# Question regarding cutting the label directly from the shirt.



## C3Online (Oct 17, 2007)

Anyone have any pointers on how to remove a t-shirt label from the actual shirt, I am currently cutting the label and trying to thread the leftovers the best I can, I am not great at sewing, so removing the label and stitching it back down is not my thing, just wondering if anyone has any pointers or anything, let me know, thank you!


----------



## Uncle John (Mar 11, 2007)

Get a seam ripper from a fabric store or sewing shop (about 2 bucks) pull the label away from shirt and rip label not the stitches, its slow but clean.
Good luck, John


----------



## verbalking78 (Feb 1, 2009)

Hey,

I use to do that too but it took too much time now I sew my own label over with the thread matching the design main color and daaaammn it look good

hope it can help


----------



## INKSCREENS (Jan 28, 2008)

C3Online said:


> Anyone have any pointers on how to remove a t-shirt label from the actual shirt, I am currently cutting the label and trying to thread the leftovers the best I can, I am not great at sewing, so removing the label and stitching it back down is not my thing, just wondering if anyone has any pointers or anything, let me know, thank you!

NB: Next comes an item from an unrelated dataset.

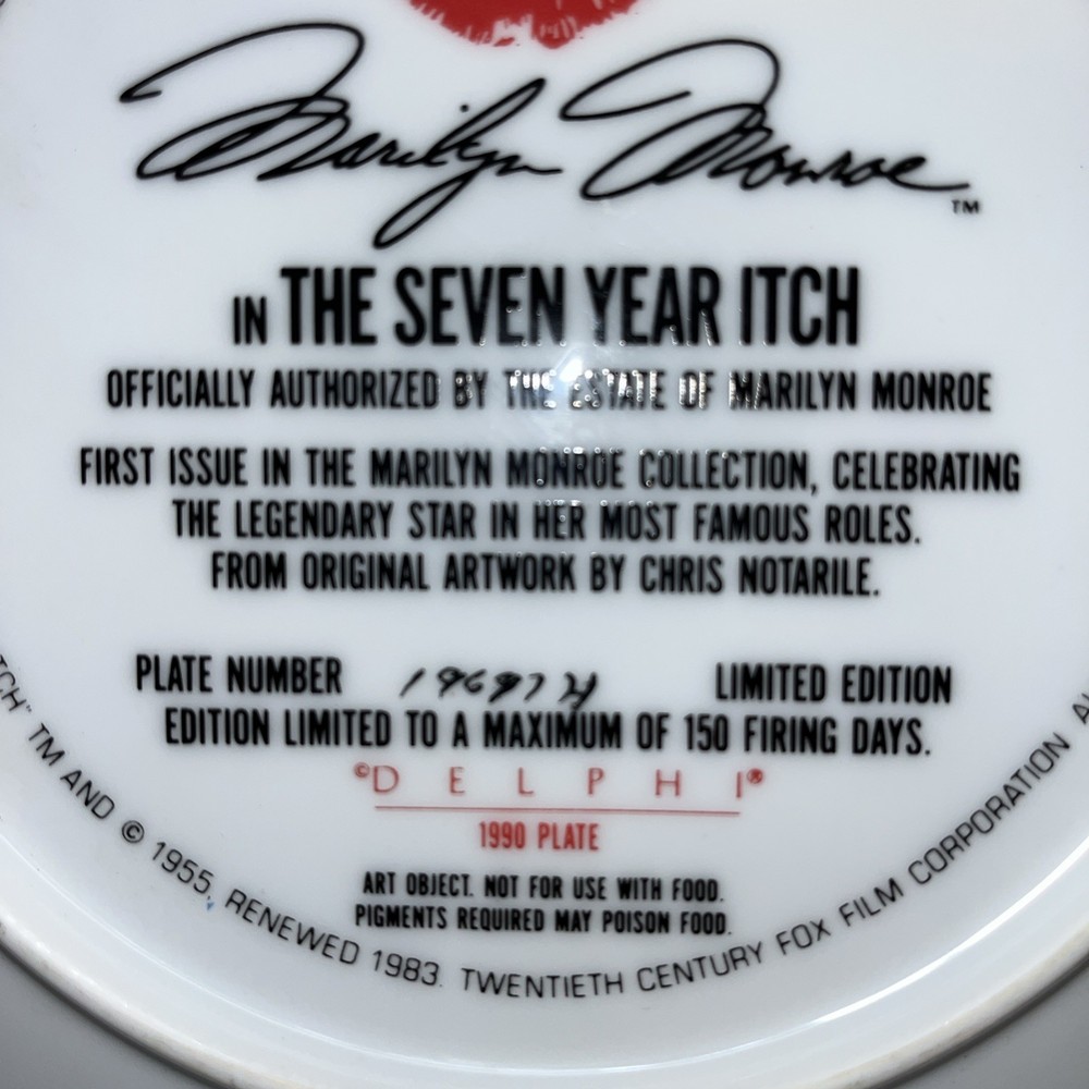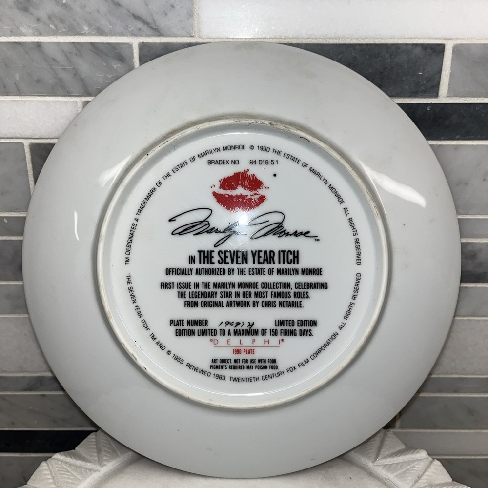 The Marilyn Monroe in The Seven Year Itch limited edition plate from 1990 by Bradford Exchange is a vintage collector's item measuring 8.5 inches in diameter. This decorative plate features a multicolor design and belongs to the American culture of the late 20th century. While it does not come with a certificate of authenticity, it is a unique piece of art pottery that pays homage to the iconic image of Marilyn Monroe in the classic film. Perfect for all occasions, this limited edition plate is a must-have for fans of vintage American pop culture.

You may need to rip the seams and completely remove the original label, then re-sew the seams.

Having a professional provide this service may help as well.


----------



## splathead (Dec 4, 2005)

I am with John. You use the seam ripper correction and it's one swipe, with no label left showing unless you look very closely. 

Anyone have any design by humans shirts? That's how they do it.


----------